Spironolakton, spiroteron asetat, oral kontraseptifler (östrojende içeren doğum kontrol hapları
özellikle PCOS’lu hastalarda sıkça tercih edilir, varsa adet düzensizliğide bu şekilde kontrol
altına alınmış olur)) ve glukokortikoidler (konjeniat adrenal hiperplazili hastalarda
Deksametazon isimli ilaç kullanılır) tanıya göre kullanılan ilaçlardır. Bu ilaçlar önemli yan
etkileri olabileceğinden mutlaka uzman endokrinolog gözetiminde kullanılmalıdırlar. Hormon
tedavisi etkisinin ortaya çıkması için 6 ila 12 aylık tedavi gerekmektedir. Varolan kılların
ortadan kaldırılması için epilasyon gibi depilatuvar yöntemler ile mekanik uzaklaştırma
yapılmalıdır. İlaç tedavisi ile terminal kıllar daha ince ve renksiz hale gelebilir. Bunların
ortadan kaldırılması için mekanik olarak yok edilmeleri (epilasyon ve depilasyon)
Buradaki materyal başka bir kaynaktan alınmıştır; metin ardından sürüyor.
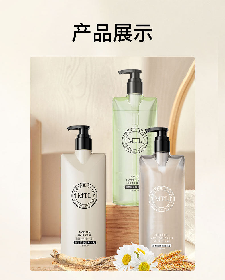 | Type | Amino acid anti-dandruff shampoo 500ml,Amino acid wheat hair cream 500ml,Amino acid fragrance shower gel 500ml |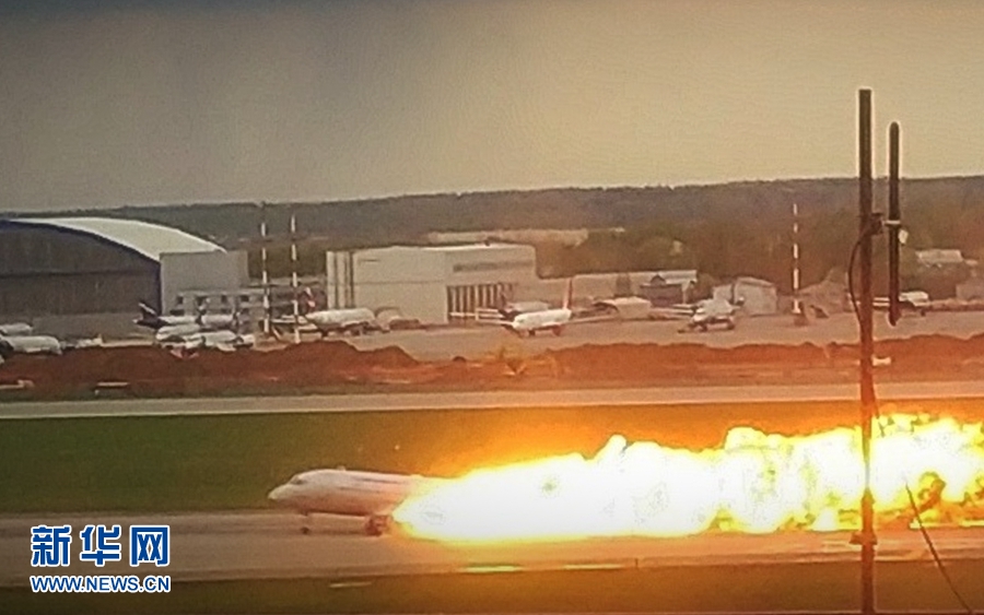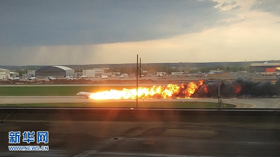 5月5日,一架客機(jī)在俄羅斯首都莫斯科謝列梅捷沃機(jī)場迫降。新華社發(fā)(謝爾蓋攝)

gerekebilmektedir. Hafif tüylenmesi olan kişilerde ilaç tedavisi çok iyi sonuç verir. Ancak iyi
bir tedavi sonucu için birkaç yıllık tedavi sürecinin gerekebileceği de unutulmamalıdır.
Varolan tüylerin ve androjen hormon fazlalığına bağlı olmayan aşırı tüylerin mekanik olarak
ortadan kaldırılmasında en uygun yöntemin seçilmesi ve uygulanması endokrinoloji ve
dermatoloji uzmanlarının birlikte çalışmasıyla mümkündür. Hastanın altta yatan neden
araştırılmaksızın başvuracağı mekanik uzaklaştırma yöntemlerinin etkisiz kalacağı, yeni
tüylerin çıkmaya devam edeceği unutulmamalıdır.